As of November 9, 2020, owners of partnerships and S corporations in those states allowing pass-through entities to pay state tax at the entity level can deduct those taxes on their federal returns with the U.S. Department of the Treasury’s blessing.
Under the Tax Cuts and Jobs Act of 2017, Congress limited an individual’s state and local tax deduction on the federal income tax return to $10,000 per year. Corporations, however, are not subject to the SALT deduction limit. States attempted several creative workarounds, and the Treasury quickly shut down the most egregious.
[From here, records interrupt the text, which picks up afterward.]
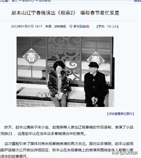 法制晚報2012-01-07報道:趙本山遼寧春晚演出《相親2》堪稱春節最忙笑星
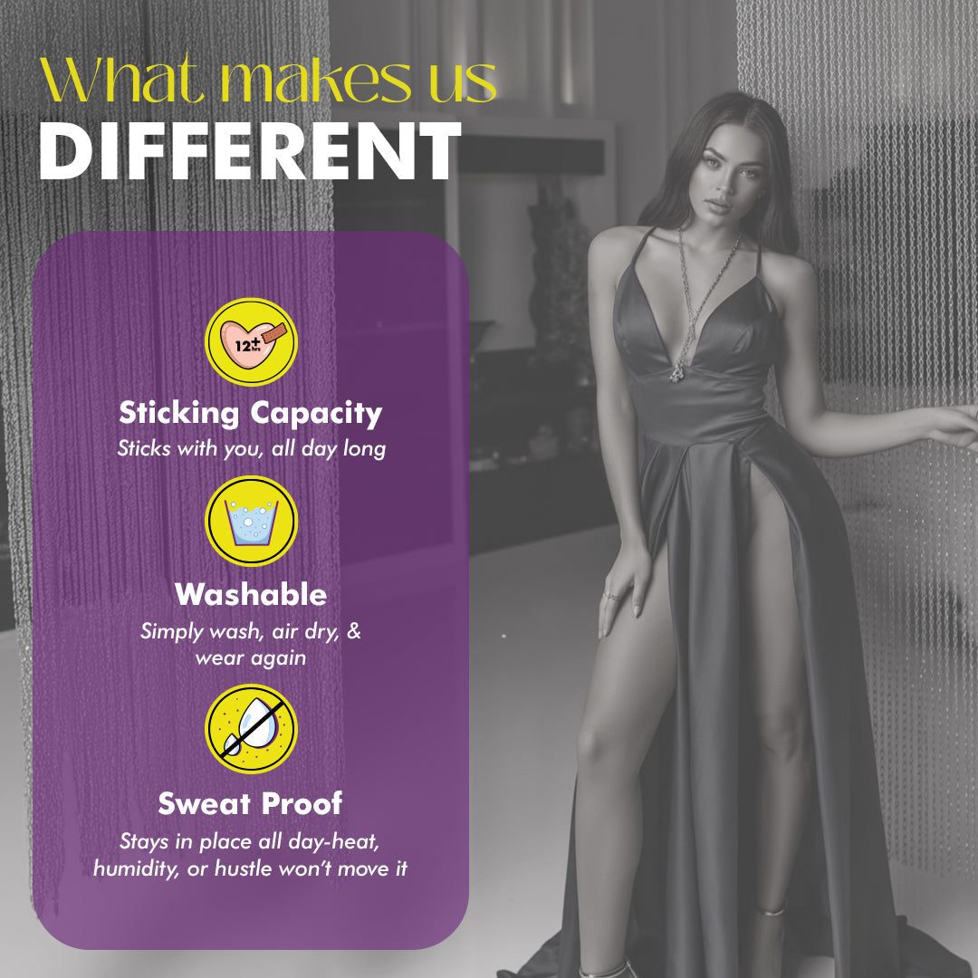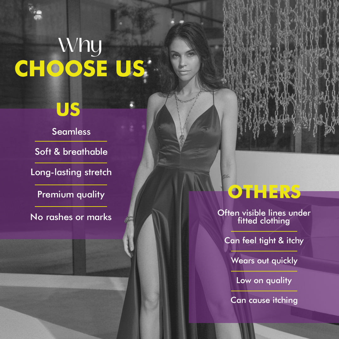 Ideal for use with long slit dresses, tight pants, tight fitted dresses, sheer dresses, wedding gowns etc.
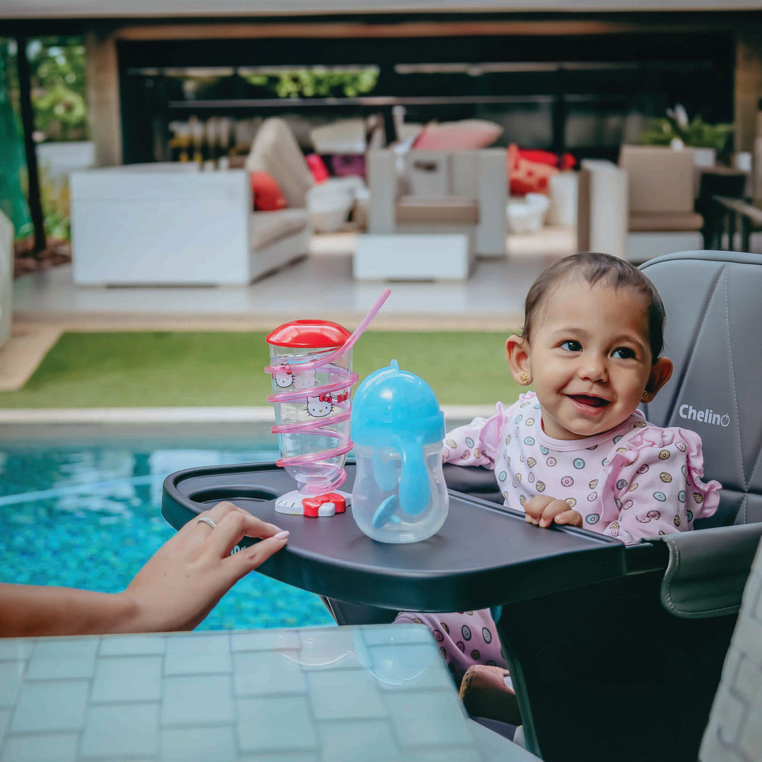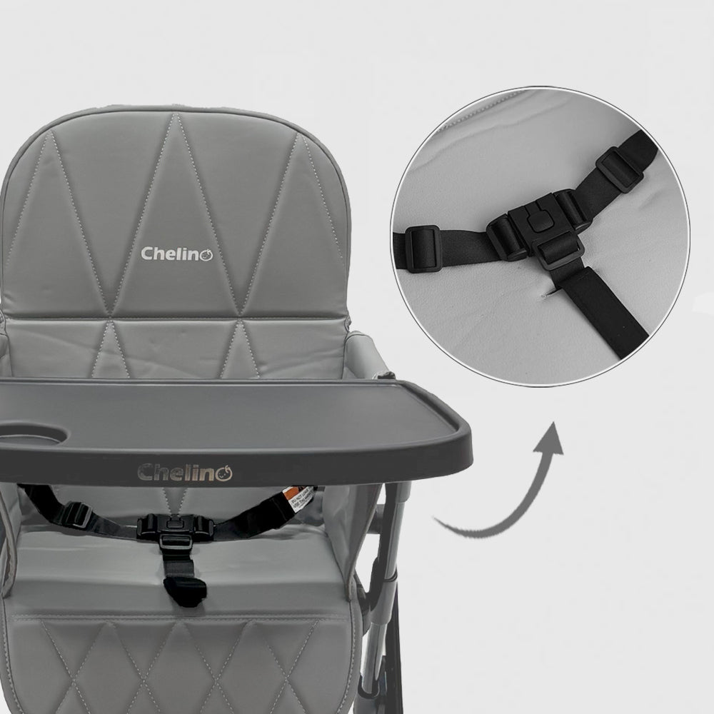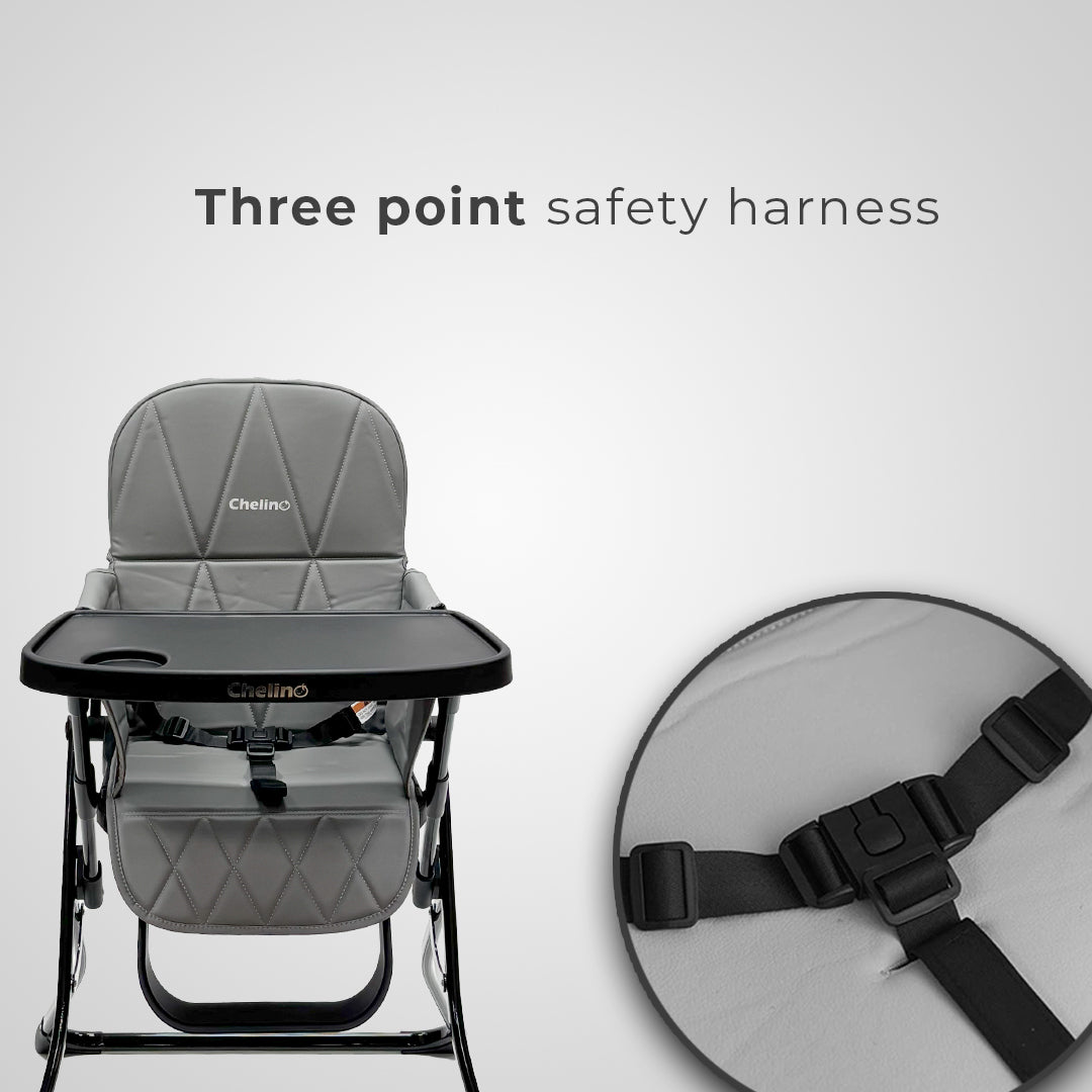 The Easy Fold High Chair in a sleek and modern dark grey. Designed with both style and practicality in mind, this high chair offers an effortless solution for parents looking for a convenient, space-saving seating option for their little ones.

However, in January 2018, Connecticut enacted a law to tax pass-through entities at the entity level (a pass-through entity tax or PET). Tax practitioners posited that, if the entity paid the state tax, it could deduct the state taxes paid against the entity’s federally taxable income. This had the effect of passing the economic benefit of the uncapped state tax deduction to pass-through owners.
Connecticut’s legislation opened the door for several other states to enact similar PET legislation, with one important wrinkle; the subsequent states allowed passthrough entities to elect into the PET. Although practitioners were generally confident these PETs remained deductible, the Treasury announcement and expected proposed regulations from Treasury are a welcome confidence boost.
Treasury’s announcement Monday specified that the proposed regulations will provide that state taxes paid by pass-through entities and described under Section 164(b)(2) are deductible against U.S. federal income taxes, even if the entity could have instead elected to pass through the state tax liability to the entity owners.
Other states with elective PET laws include Wisconsin, Louisiana, Maryland, New Jersey and Oklahoma.